◆ **WHAT YOU ARE ASKED TO DO**
Only the lines in the entries below from the line with "Hourglass With Flowing" to the line with "Pointed-toe Stiletto Leopard", both included, belong in the answer, transcribed exactly and without pictures.

◆ **SOURCE DATA**
=====

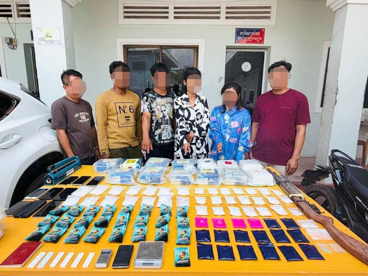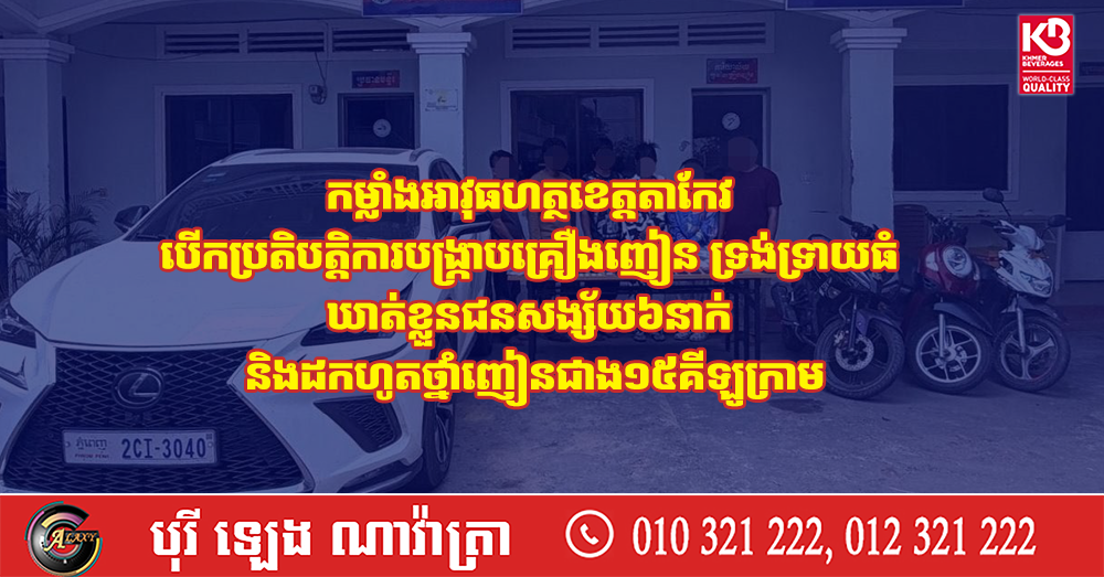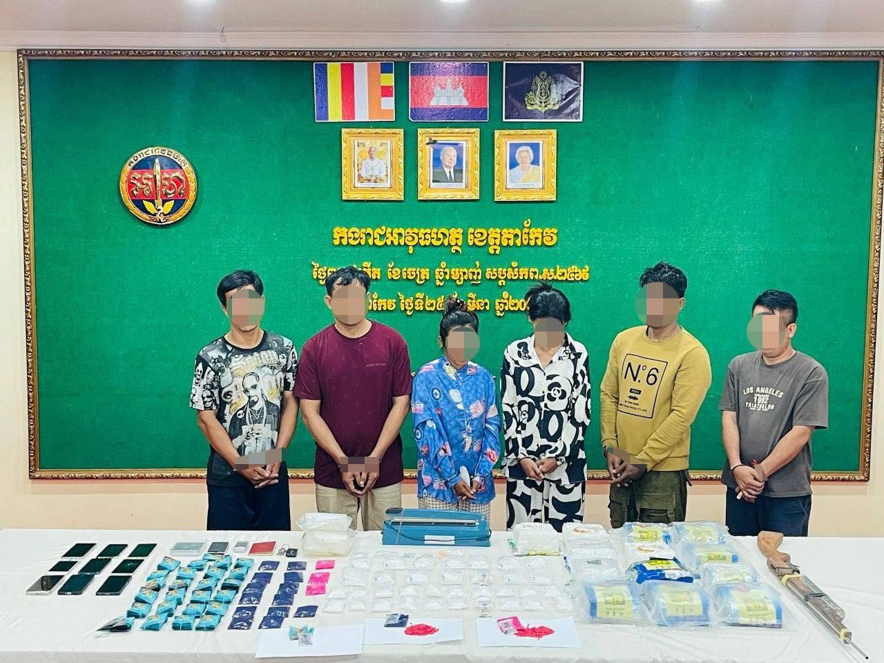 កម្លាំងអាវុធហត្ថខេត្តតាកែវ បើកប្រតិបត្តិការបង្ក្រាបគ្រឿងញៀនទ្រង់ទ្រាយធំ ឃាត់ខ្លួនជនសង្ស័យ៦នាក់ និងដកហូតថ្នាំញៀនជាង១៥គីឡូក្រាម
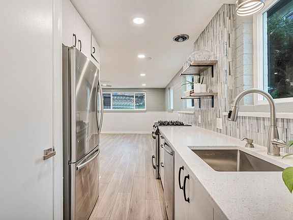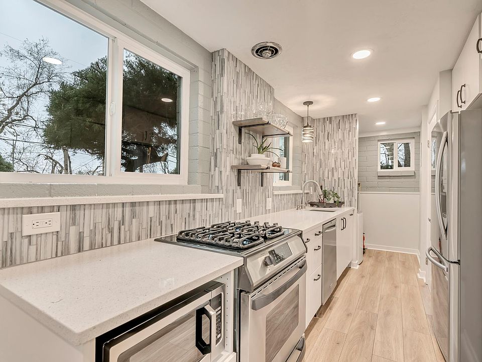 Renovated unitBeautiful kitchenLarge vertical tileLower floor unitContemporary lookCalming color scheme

=====

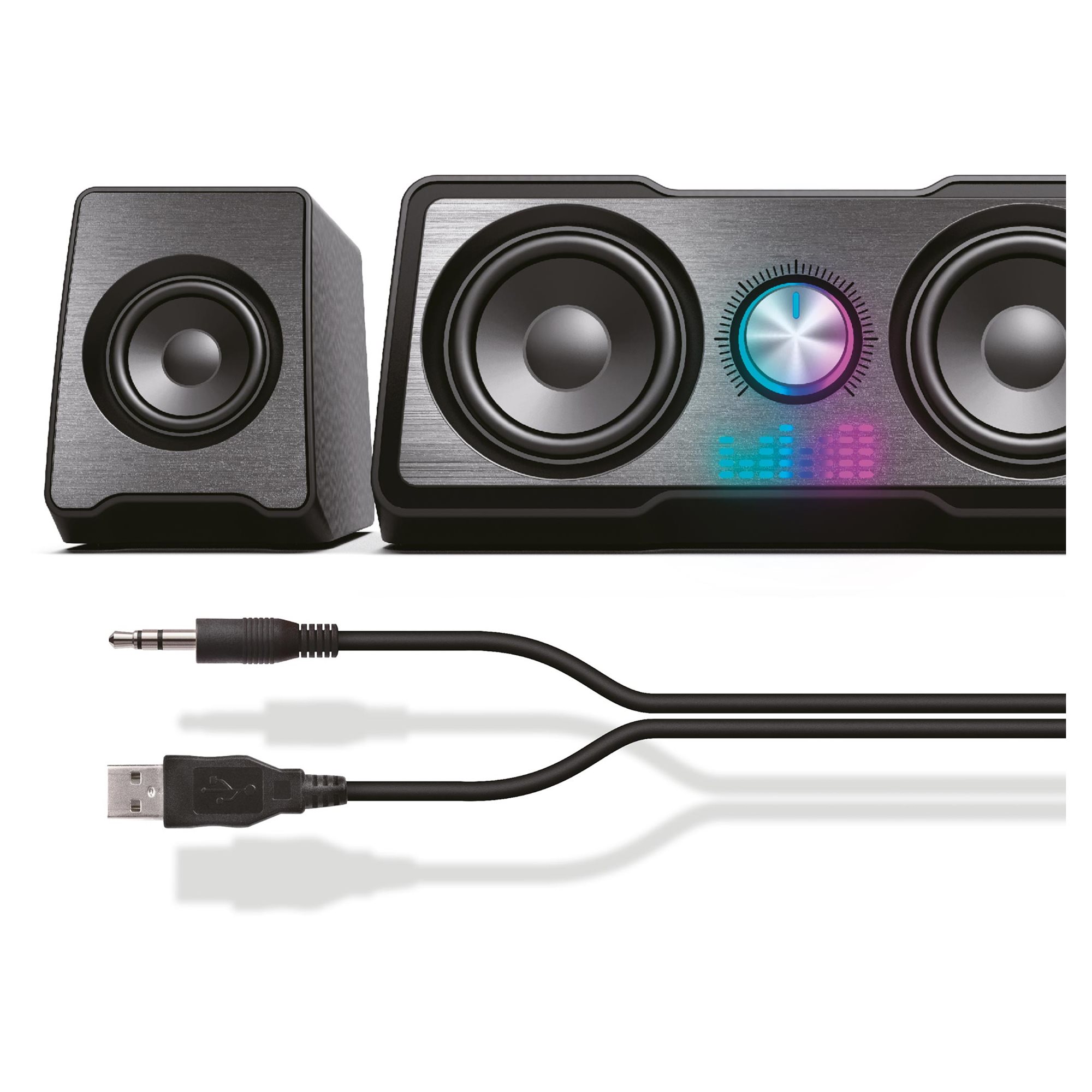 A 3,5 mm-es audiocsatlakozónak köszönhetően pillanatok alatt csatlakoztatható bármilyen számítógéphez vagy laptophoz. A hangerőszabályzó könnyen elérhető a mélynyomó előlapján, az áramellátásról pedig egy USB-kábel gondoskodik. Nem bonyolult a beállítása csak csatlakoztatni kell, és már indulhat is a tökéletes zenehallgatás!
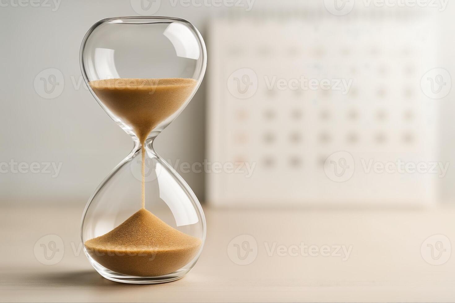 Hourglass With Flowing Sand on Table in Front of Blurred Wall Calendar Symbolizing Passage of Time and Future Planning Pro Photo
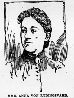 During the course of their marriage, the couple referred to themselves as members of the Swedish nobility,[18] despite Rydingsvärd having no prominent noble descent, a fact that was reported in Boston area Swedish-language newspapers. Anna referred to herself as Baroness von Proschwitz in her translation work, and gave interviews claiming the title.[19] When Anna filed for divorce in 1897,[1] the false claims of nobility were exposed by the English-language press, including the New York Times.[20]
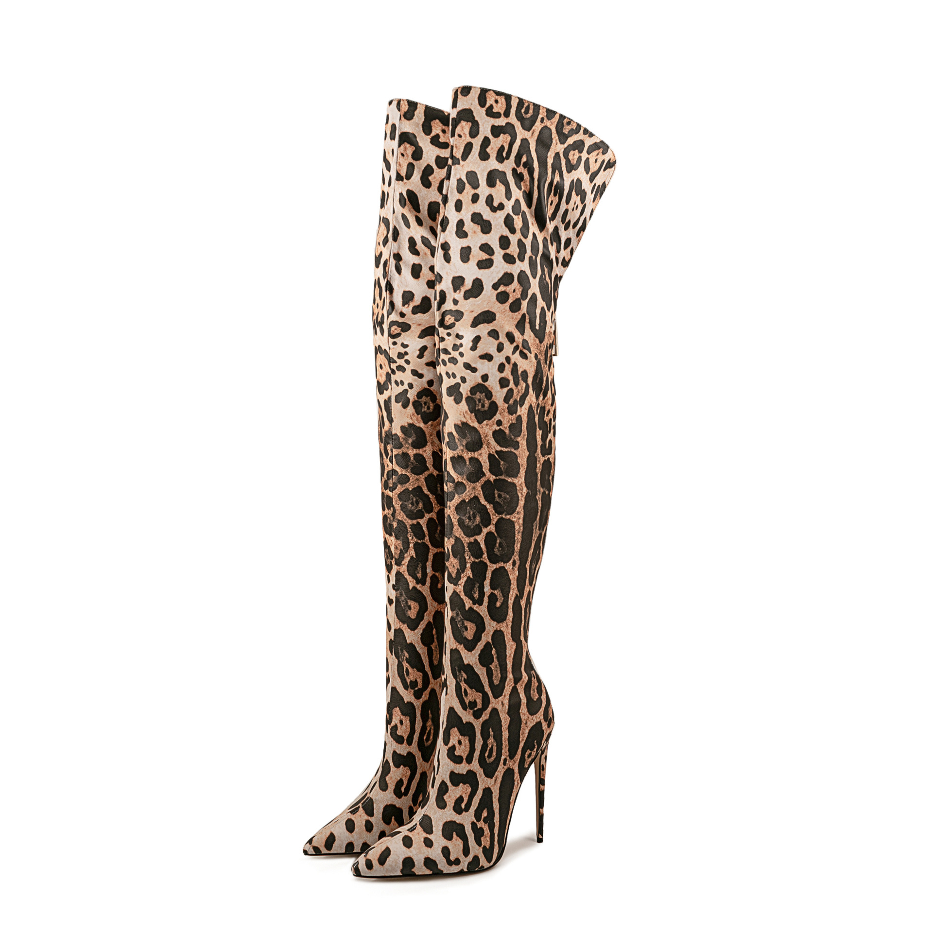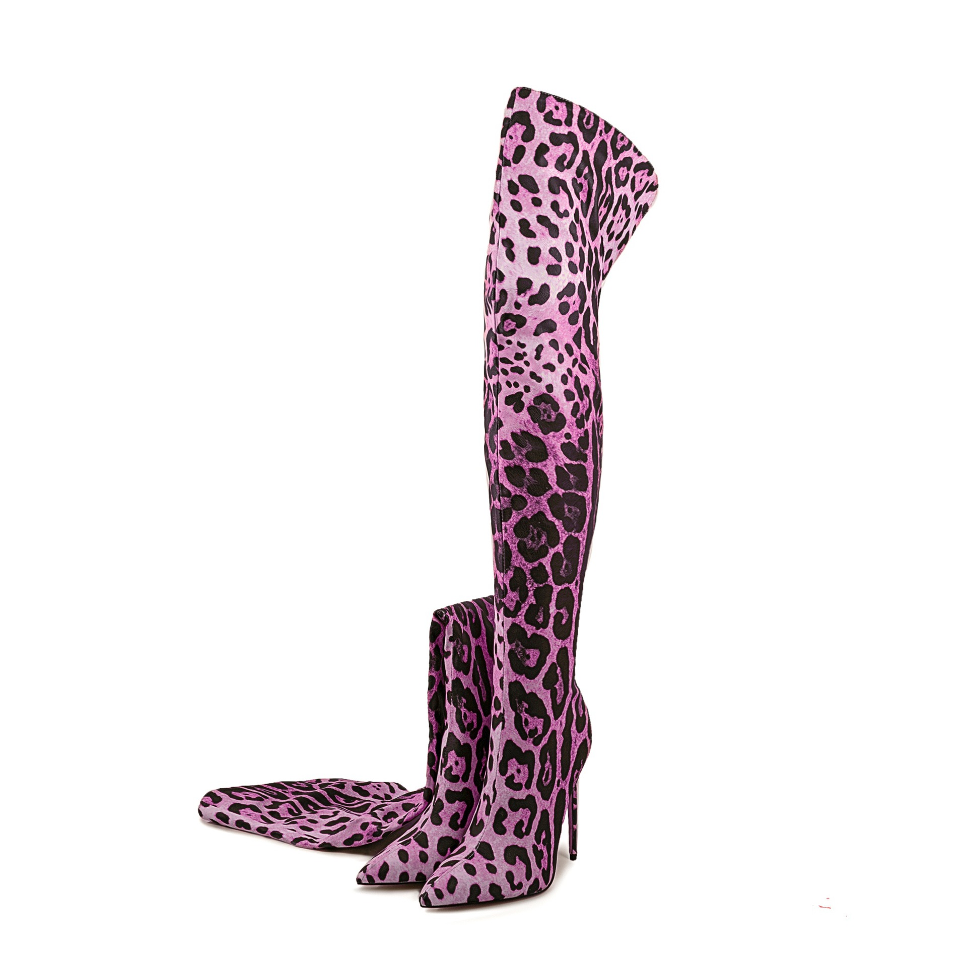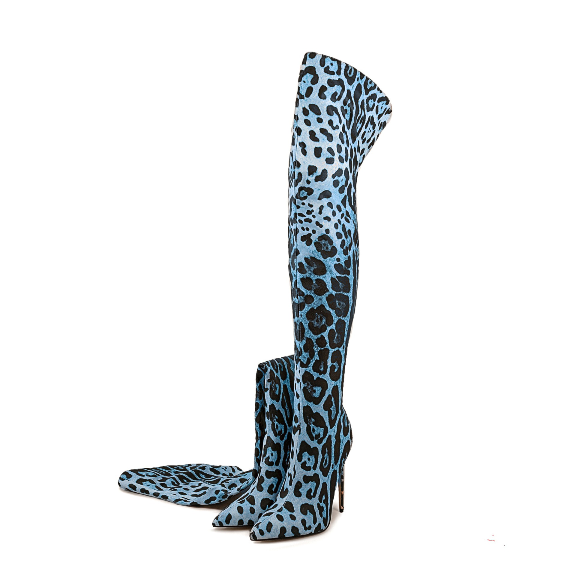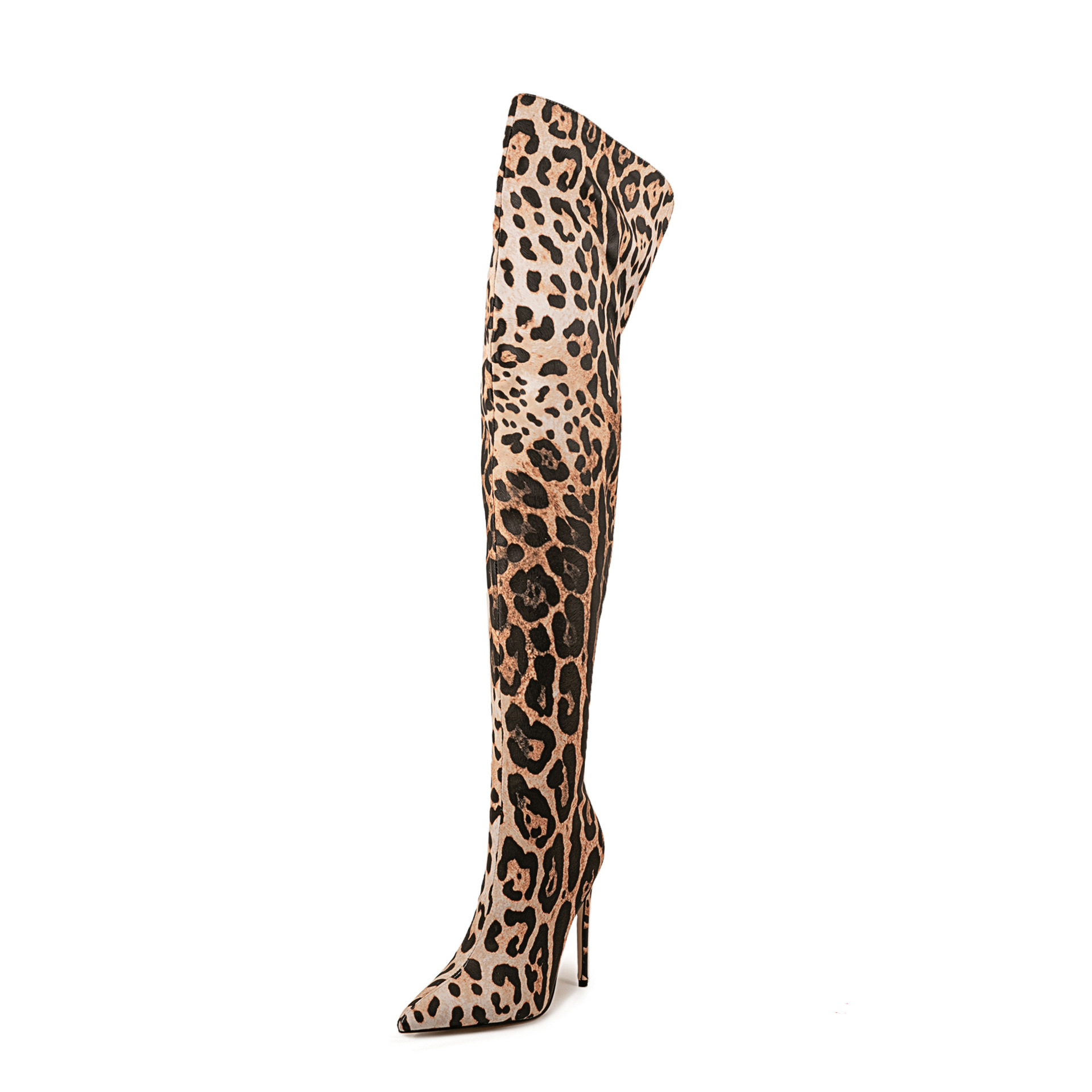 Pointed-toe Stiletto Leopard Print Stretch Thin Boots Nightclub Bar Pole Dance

=====

◆ **RESULT OF THIS EXERCISE**
 Hourglass With Flowing Sand on Table in Front of Blurred Wall Calendar Symbolizing Passage of Time and Future Planning Pro Photo
 During the course of their marriage, the couple referred to themselves as members of the Swedish nobility,[18] despite Rydingsvärd having no prominent noble descent, a fact that was reported in Boston area Swedish-language newspapers. Anna referred to herself as Baroness von Proschwitz in her translation work, and gave interviews claiming the title.[19] When Anna filed for divorce in 1897,[1] the false claims of nobility were exposed by the English-language press, including the New York Times.[20]
 Pointed-toe Stiletto Leopard Print Stretch Thin Boots Nightclub Bar Pole Dance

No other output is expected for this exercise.